Wednesday, May 19, 2010

[olympiaworkers] River workers' strike over - deal struck - but strike wave grows May 18 2010

The Bangladeshi river vessel strike ends - but other strikes keep rolling...

Saturday, 16th May 2010, Dhaka; Government Ministers and boat owners have
signed an agreement with union leaders that ends the 8 day strike of river
vessel workers. The deal includes; dropping of all criminal charges
relating to the strike, and release of all those arrested; a revised pay
scale giving wage increases of from 50% to 100%. But it remains unclear
whether this 50% to 100% rise is only the original unsatisfactory pay
offer which triggered the strike - or if it is 50% to 100% on top of that.
The union federation's general secretary Ashikul Islam said;

'We have decided to call off the strike after the government signed
the agreement to meet our demands in phases.'

The devil is in the detail and one can imagine that the time scale for the
implementation of the "demands in phases" may become a point of conflict.
There have been 4 strikes in 17 months over broken pay promises, so this
may be only a temporary truce.

But only the day before reaching agreement the shipping Minister was
threatening mass sackings and had been forced, in the face of strikers
defiance, to twice extend deadlines demanding a return to work. The bosses
were forced to the negotiating table by the strength and effectiveness of
the strike. In a modern economy the interruption of the speed of
circulation of commodities - including passengers - remains a powerful
leverage point for workers.

Leaving the negotiations, the shipping Minister described the strike as;

'a deep conspiracy against the government by a group of workers who
carried out subversive activities.'
He said the strike had hampered economic activities and caused
sufferings to people...

Some inconvenience is inevitable in such events, but can sometimes be
converted into solidarity; regardless, the Minister's comments seem a fair
and informative description of how workers can win strikes.

A rolling strike wave

The boat workers strike coincides with wider struggles breaking out across
the country -

Rangpur, largest city of the north-west; an indefinite bus workers' strike
begins. A union secretary declared;

"We have enforced the strike as our seven days' ultimatum expired on
Saturday. The strike will continue until the demand for wage hike is
met," Mojid said.."

Chittagong, main southern sea port; casual day labourers struck against
being paid less than minimum wage for unloading ship cargoes. They
returned to work on promise of a pay rise. The workers are not unionised
and the strike was self-organised;

Labourer Kashem Ali said, "We did not dare to protest this in fear of
C & F agents [their employers]. Now we are united and we shall
establish our right by any means."

Also in Chittagong; Last week an indefinite strike began in the
ship-breaking industry against tightening of regulations regarding
detoxification certificates for ships. The industry employs tens of
thousands of low paid workers in hundreds of yards and the strike appears
to have been called by the employers and in their interests - rather than
the workers - to pressure the government to abandon the new regulations.
30% of the world's condemned ships are recycled in Bangladesh; labour is
cheap enough here to make it profitable to use the most primitive methods
to scrap ship with hand tools. It is horrible, dangerous work with
terrible environmental consequences. Much of the steel is recycled into
rods for use in construction - reinforcing concrete, steel fixing etc.

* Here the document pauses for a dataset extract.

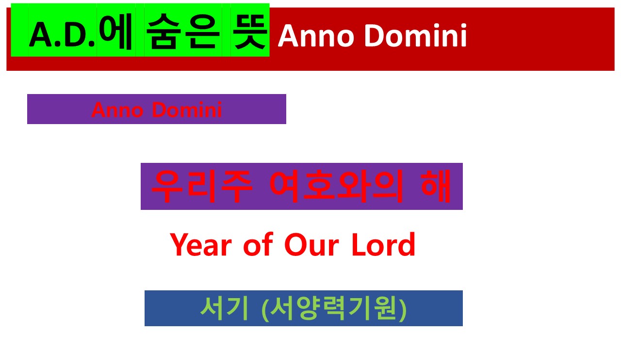알파벳으로 표현된 A.D. 와 B.C.는 그 의미를 다음과 같이 명확히 표현하고 있습니다.

Across the country; last week 1.3 million weavers struck, protesting
import restrictions on Indian yarn. Called by the Bangladesh Handloom and
Powerloom Owners' Association, many of whom are home and artisan workshop
loom weavers who supply the garment factories. According to the
Association, about 0.6mlln looms have closed and the remaining 1.4mlln
looms are operating well below production capacity due to the high price
of yarn.

weavers of Pabna, Sirajganj and Narsingdi took to the streets and
blockaded the Dhaka-Sylhet highway in Narsingdi for four hours. Some
5000 weavers blocked the Dhaka-Sylhet highway In Narsingdi from
10:30am to 2pm Thursday bringing traffic to a halt. (

The Bangladeshi handloom industry meets 80% of the total demand for
fabrics. The country's annual yarn demand is estimated at 1mn tonnes, of
which knit sector uses 0.7mn tonnes and the weaving industry the rest.
Local yarn traders have objected to being undercut by cheaper Indian yarn.
The strike ended when the import ban was lifted.

In the garment industry; strikes and demonstrations involving thousands of
workers regularly break out and are spread to neighbouring factories. A
demand for a minimum wage of Taka 5,000[approx. £50/$72/EUR58] is a
generalised demand, though local wage issues and payment of arrears are
often the initial spark.

These struggles are predominantly fired by a constant battle of the poor
against both inflation and, often, terrible working conditions. So far
there has been little co-ordination and linkage between these struggles
beyond their respective industries; but, as they proliferate, this may (or
not) impose itself as a logical necessity.